Thanks for the explanations, that's exactly what I wanted to know !

I'm currently looking for a natural sounding reverb, and I was planning on buying Valhalla Room before I head of Seventh Heaven.
I already have Valhalla Shimmer and Eventide BlackHole covering the "crazy" sides of reverbs, so I may not need the pro version.
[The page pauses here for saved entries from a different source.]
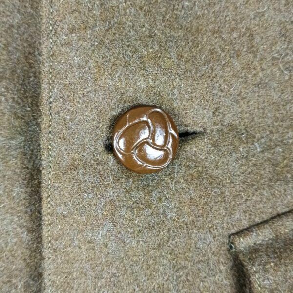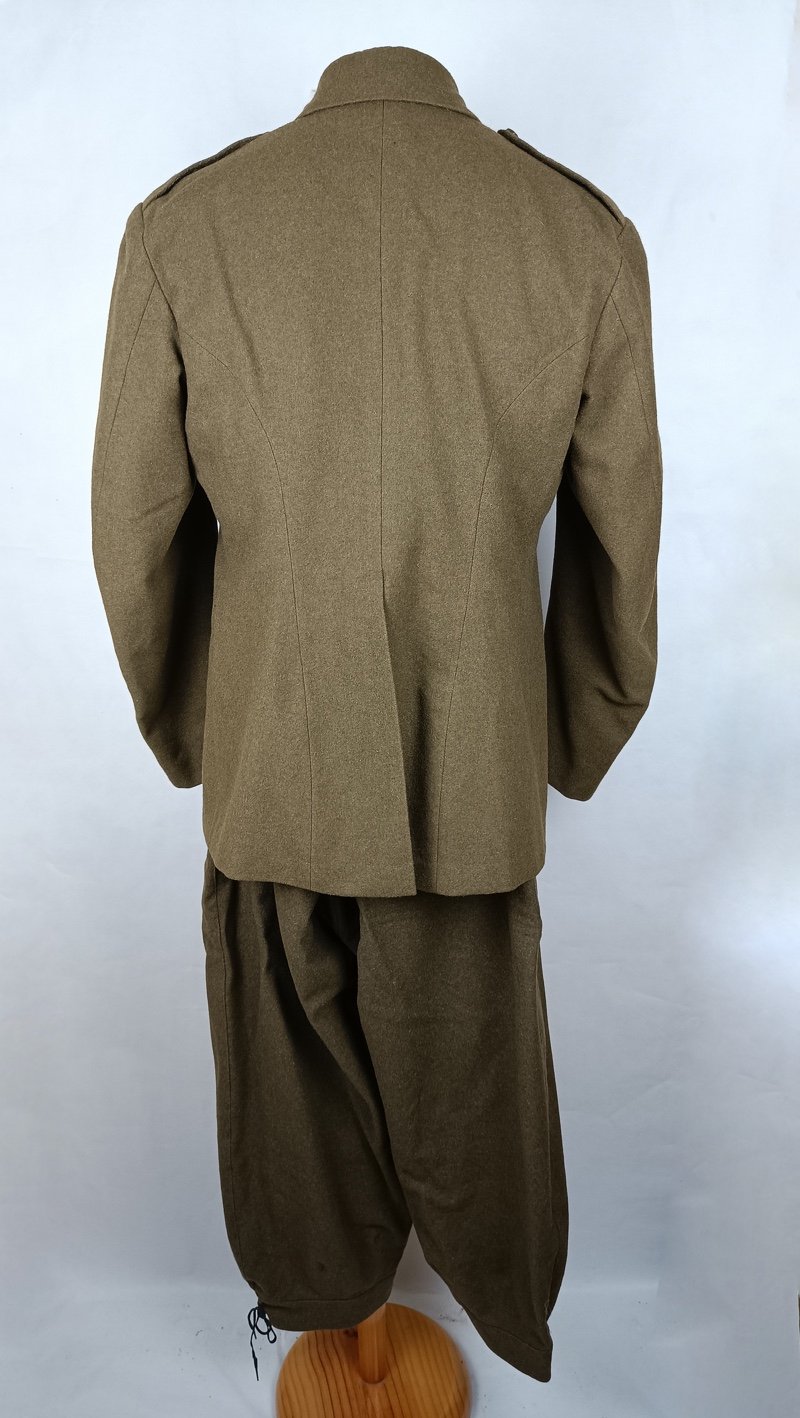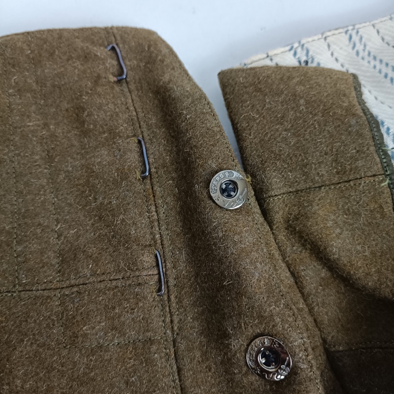 Conjunto compuesto por Guerrera o Chaqueta y su correspondiente pantalón. Uniforme abotonado con botones de pasta y dos bolsillos con costilla a la altura del pecho. Ene l cuello lleva las insingias de 8º Batallon de cAzadores, en latón estampado con el fondo de color verde.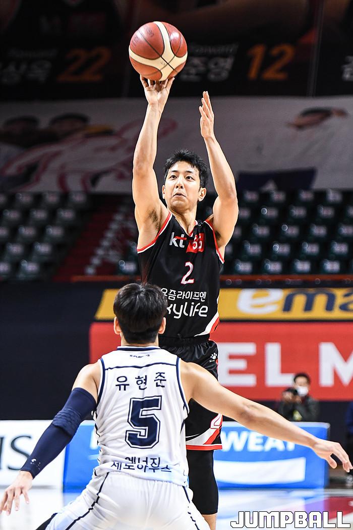 [점프볼=부산/박상혁 기자] 16일 부산사직체육관에서 열린 2020-2021 현대모비스 프로농구 부산 KT와 전주 KCC의 경기, KT 허훈이 3점슛을 시도하고 있다.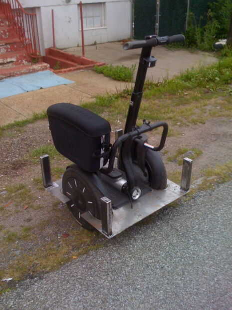 Quería dedicar el segway sólo a zoltar, por lo que diseñó todo para poder ser desmontados fácilmente. Tenga en cuenta también las barras laterales soldadas que sostendría los puntales.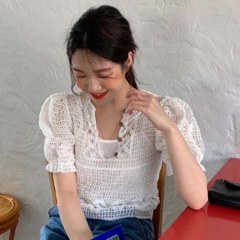 ホワイトシャツ サマー薄手セーター スリーブトップス 夏物 ICC_レディース8442346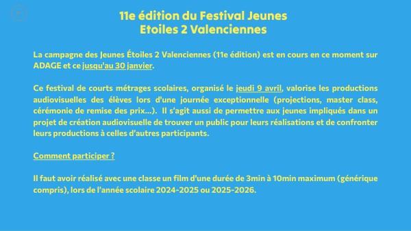 La campagne des Jeunes Étoiles 2 Valenciennes (11e édition) est en cours en ce moment sur ADAGE et ce jusqu'au 30 janvier. Ce festival de courts métrages scolaires, organisé le jeudi 9 avril, valorise les productions audiovisuelles des élèves lors d'une journée exceptionnelle (projections, master class, cérémonie de remise des prix…). Il s’agit aussi de permettre aux jeunes impliqués dans un projet de création audiovisuelle de trouver un public pour leurs réalisations et de confronter leurs productions à celles d’autres participants. Comment participer ? Il faut avoir réalisé avec une classe un film d'une durée de 3min à 10min maximum (générique compris), lors de l’année scolaire 2024-2025 ou 2025-2026.

As you said, I will try them both, test the limitations of the standard version, and wait for the next sale.


----------



## Nikodeemus (Jun 6, 2019)

What about Polyverse's Comet or EAREVerb? Any experience on those? I have so far used only EW Spaces II and Valhalla room.
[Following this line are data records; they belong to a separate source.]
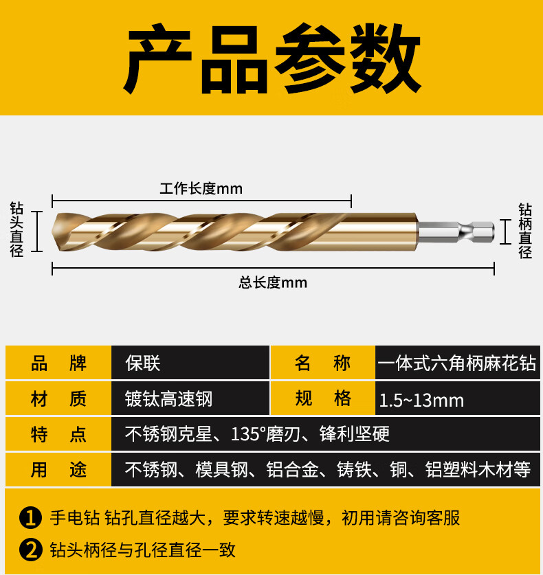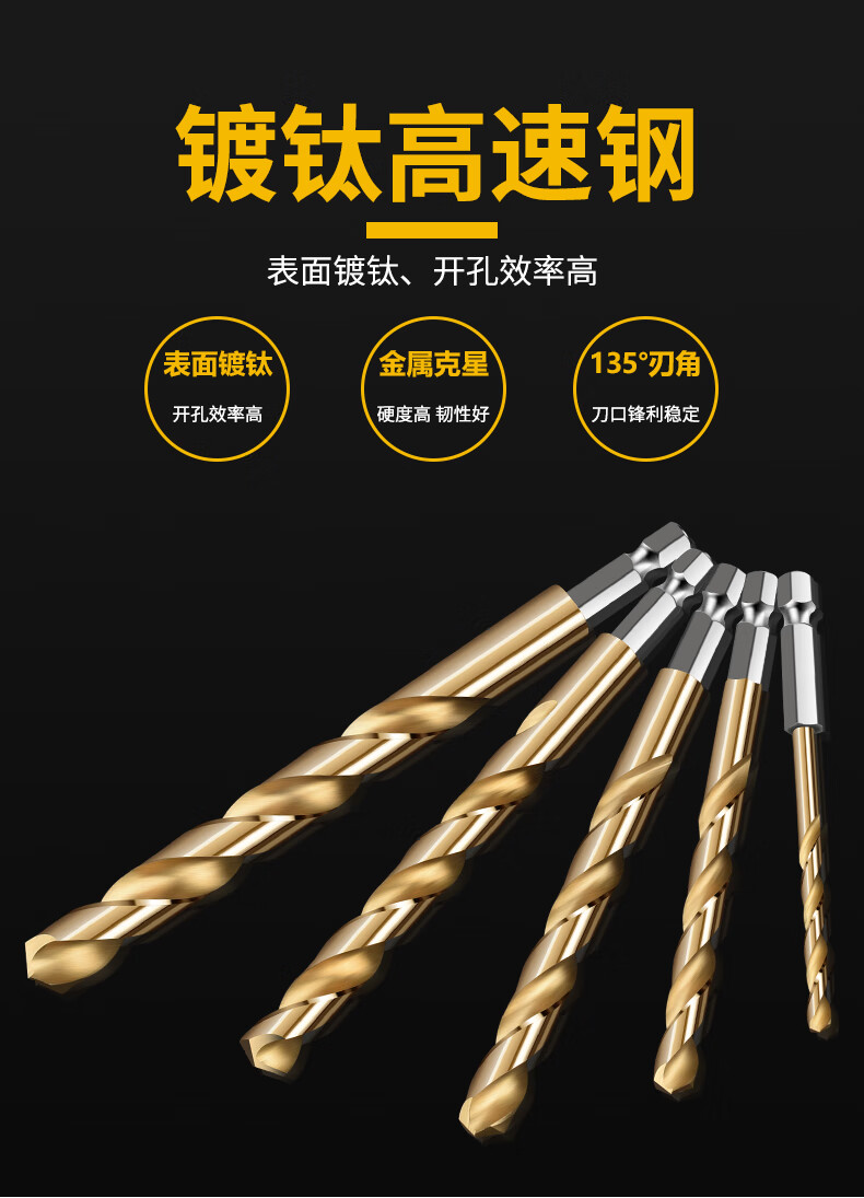 Baolian hexagonal handle titanium-plated twist drill bit stainless steel metal special hole opener straight handle high-speed steel fully ground drill bit 8.0mm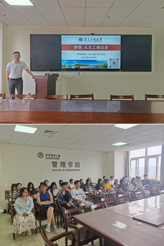 座谈会上,赵川教授全面介绍北京工商大学商学院的综合发展情况,他指出,商学院研究生培养体系完善,依托高水平师资队伍,构建起多元奖助体系,且与众多企业建立深度合作机制,为学生提供丰富实习就业资源;随后,他聚焦管理科学与工程、物流工程与管理专业的发展与核心定位展开深度解读;最后,他就课程体系构建进行介绍,他表示,学院兼顾管理学理论根基与实践创新能力培养,涵盖运筹学、供应链管理、物流系统设计等核心课程模块,并鼓励同学们积极报考北京工商大学商学院。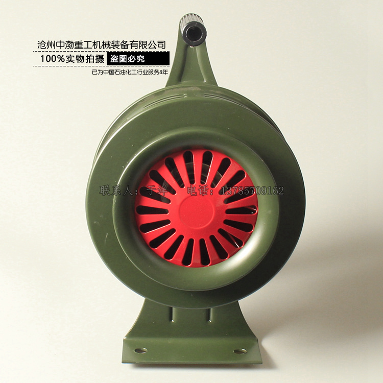 手搖警報(bào)器無(wú)需電源,可 以在無(wú)電源支持的都場(chǎng)所提供一種有效的報(bào)警。只需通過(guò)人工用手順時(shí)針?lè)较驌u動(dòng)手柄,速度達(dá)到初級(jí)(50-80轉(zhuǎn)/分)就可達(dá)到理想的報(bào)警效果,發(fā)出的聲音 尖銳,震撼力大、穿透力強(qiáng)。警報(bào)聲音大小取決于手柄搖動(dòng)的速度,新款手搖警報(bào)在音窗口設(shè)置檔板快門(mén)機(jī)制,可以迅速關(guān)閉音窗口,阻斷聲音,產(chǎn)生不同的信號(hào)。 (老款產(chǎn)品不具備此項(xiàng)功能!)手搖警報(bào)器體積小、重量輕、便于攜帶、安裝方便,不需要任何工具。只需0.15平方米的面積和人站立的地方就可以正常操作 了,流動(dòng)性作業(yè)非常強(qiáng)。民防、部隊(duì)、看守所、監(jiān)獄、礦山、機(jī)場(chǎng)、草場(chǎng)、油庫(kù)、倉(cāng)庫(kù)、賓館、酒店等企業(yè)單位在發(fā)生危急情況下使用的一種理想報(bào)警設(shè)備。

Damn, I missed that DearVR Music deal. Seemed like an interesting one with it's 3D dimensions. I should check the Seventh Heaven plugins though. 

I guess I'm looking for something "clean" sounding and on the other hand a 3D instrument placement possibility would be nice too. Any recommendations apart from the already mentioned?


----------



## Nikodeemus (Jun 6, 2019)

I just took a glance at Seventh Heaven. Does it necessarily require an iLok dongle? A little set back for me as I haven't used one yet. I have only computer based iLok licenses.


----------



## Zoot_Rollo (Jun 6, 2019)

Nikodeemus said:


> What about Polyverse's Comet or EAREVerb? Any experience on those? I have so far used only EW Spaces II and Valhalla room.
> 
> Damn, I missed that DearVR Music deal. Seemed like an interesting one with it's 3D dimensions. I should check the Seventh Heaven plugins though.
> 
> I guess I'm looking for something "clean" sounding and on the other hand a 3D instrument placement possibility would be nice too. Any recommendations apart from the already mentioned?



EAReverb 2 is a favorite

Love the POS functionality.


----------



## Virtuoso (Jun 6, 2019)

Nikodeemus said:


> I just took a glance at Seventh Heaven. Does it necessarily require an iLok dongle? A little set back for me as I haven't used one yet. I have only computer based iLok licenses.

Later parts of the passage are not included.